**The problem:**
From the first line to the last, retype the records exactly and skip the pictures.

### Dataset records

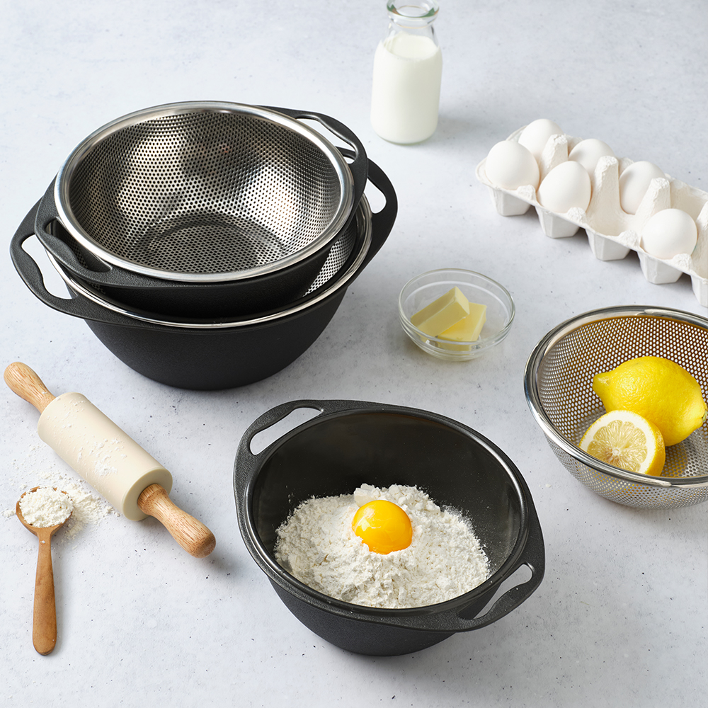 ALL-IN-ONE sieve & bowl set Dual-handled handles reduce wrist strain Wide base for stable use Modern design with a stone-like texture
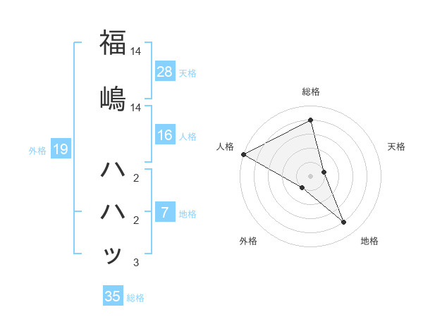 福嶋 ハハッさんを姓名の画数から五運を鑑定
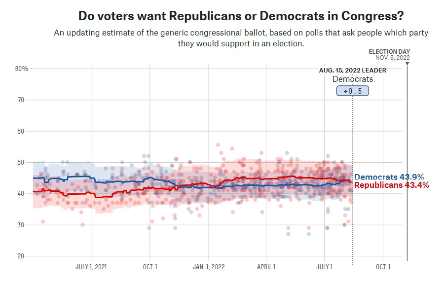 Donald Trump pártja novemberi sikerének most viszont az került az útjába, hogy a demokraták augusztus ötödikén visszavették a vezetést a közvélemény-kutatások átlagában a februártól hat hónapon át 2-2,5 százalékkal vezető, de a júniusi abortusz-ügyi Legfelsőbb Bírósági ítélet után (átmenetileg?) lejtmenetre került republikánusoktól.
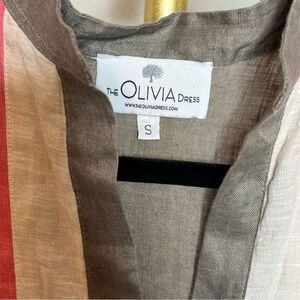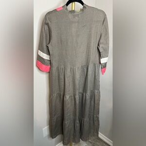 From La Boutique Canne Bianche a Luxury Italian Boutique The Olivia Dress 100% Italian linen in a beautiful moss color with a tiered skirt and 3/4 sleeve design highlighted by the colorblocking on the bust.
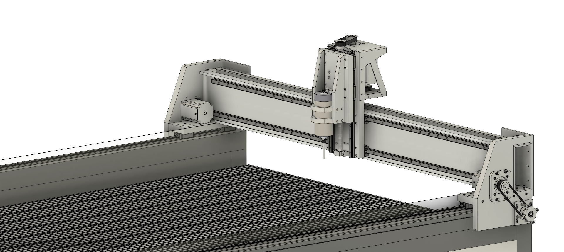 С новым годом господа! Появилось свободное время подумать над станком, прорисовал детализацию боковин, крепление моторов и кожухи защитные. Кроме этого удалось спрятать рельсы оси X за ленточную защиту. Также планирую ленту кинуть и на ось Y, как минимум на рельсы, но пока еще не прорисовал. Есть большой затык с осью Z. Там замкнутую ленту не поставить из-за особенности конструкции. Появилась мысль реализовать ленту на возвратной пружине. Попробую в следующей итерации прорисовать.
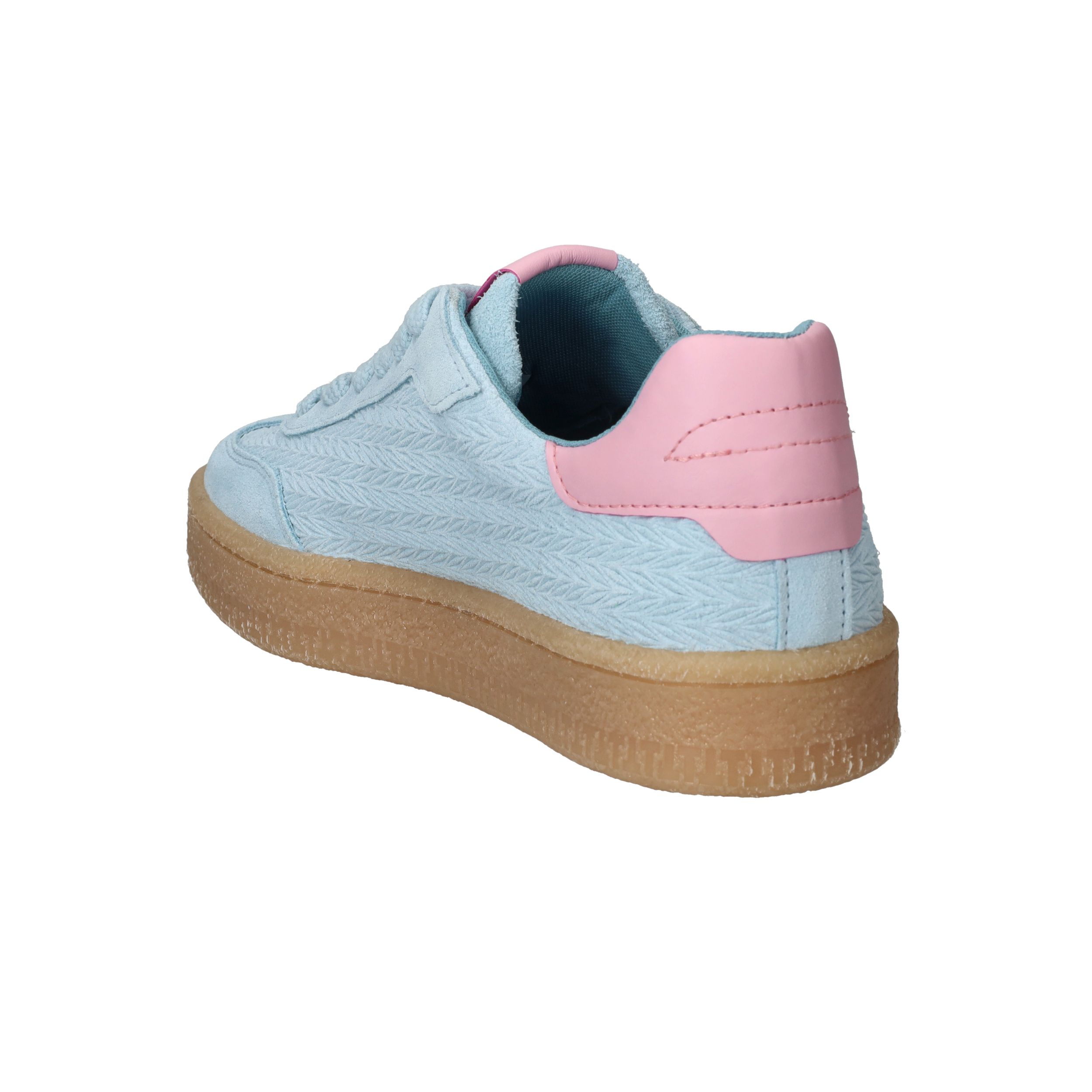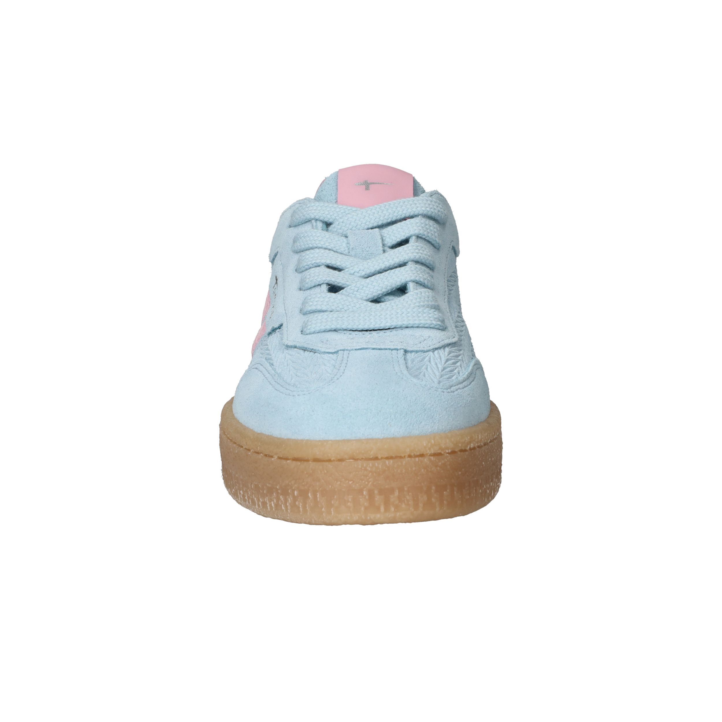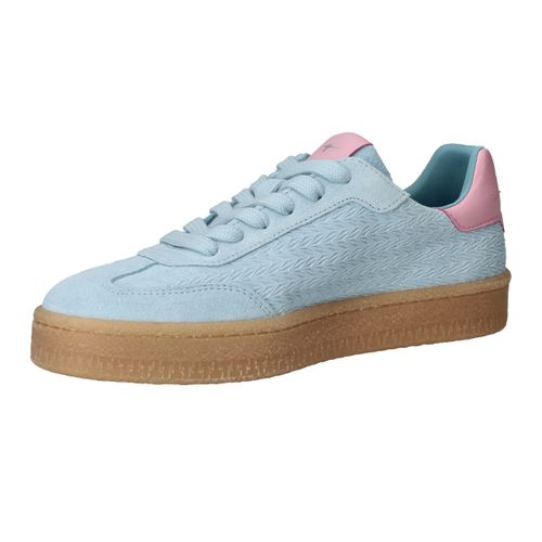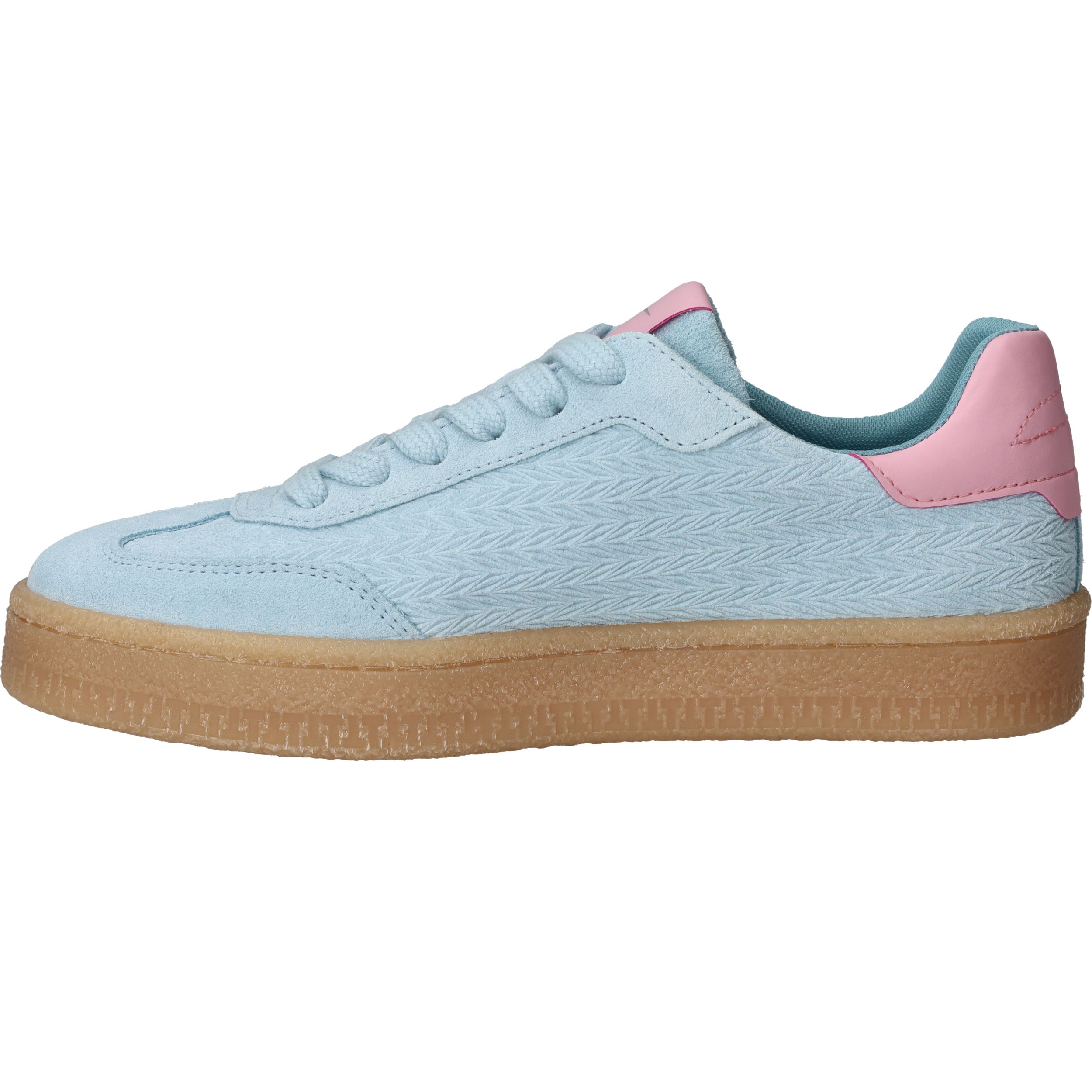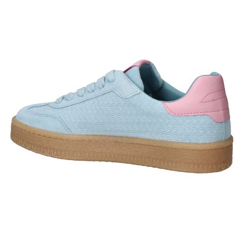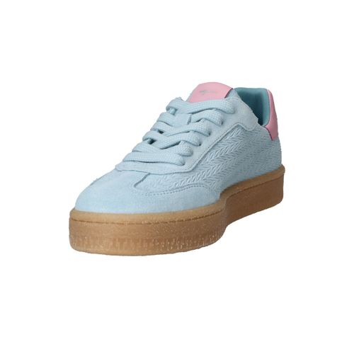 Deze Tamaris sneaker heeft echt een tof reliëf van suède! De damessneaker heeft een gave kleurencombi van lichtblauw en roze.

######

**Response to the exercise:**
 ALL-IN-ONE sieve & bowl set Dual-handled handles reduce wrist strain Wide base for stable use Modern design with a stone-like texture
 福嶋 ハハッさんを姓名の画数から五運を鑑定
 Donald Trump pártja novemberi sikerének most viszont az került az útjába, hogy a demokraták augusztus ötödikén visszavették a vezetést a közvélemény-kutatások átlagában a februártól hat hónapon át 2-2,5 százalékkal vezető, de a júniusi abortusz-ügyi Legfelsőbb Bírósági ítélet után (átmenetileg?) lejtmenetre került republikánusoktól.
 From La Boutique Canne Bianche a Luxury Italian Boutique The Olivia Dress 100% Italian linen in a beautiful moss color with a tiered skirt and 3/4 sleeve design highlighted by the colorblocking on the bust.
 С новым годом господа! Появилось свободное время подумать над станком, прорисовал детализацию боковин, крепление моторов и кожухи защитные. Кроме этого удалось спрятать рельсы оси X за ленточную защиту. Также планирую ленту кинуть и на ось Y, как минимум на рельсы, но пока еще не прорисовал. Есть большой затык с осью Z. Там замкнутую ленту не поставить из-за особенности конструкции. Появилась мысль реализовать ленту на возвратной пружине. Попробую в следующей итерации прорисовать.
 Deze Tamaris sneaker heeft echt een tof reliëf van suède! De damessneaker heeft een gave kleurencombi van lichtblauw en roze.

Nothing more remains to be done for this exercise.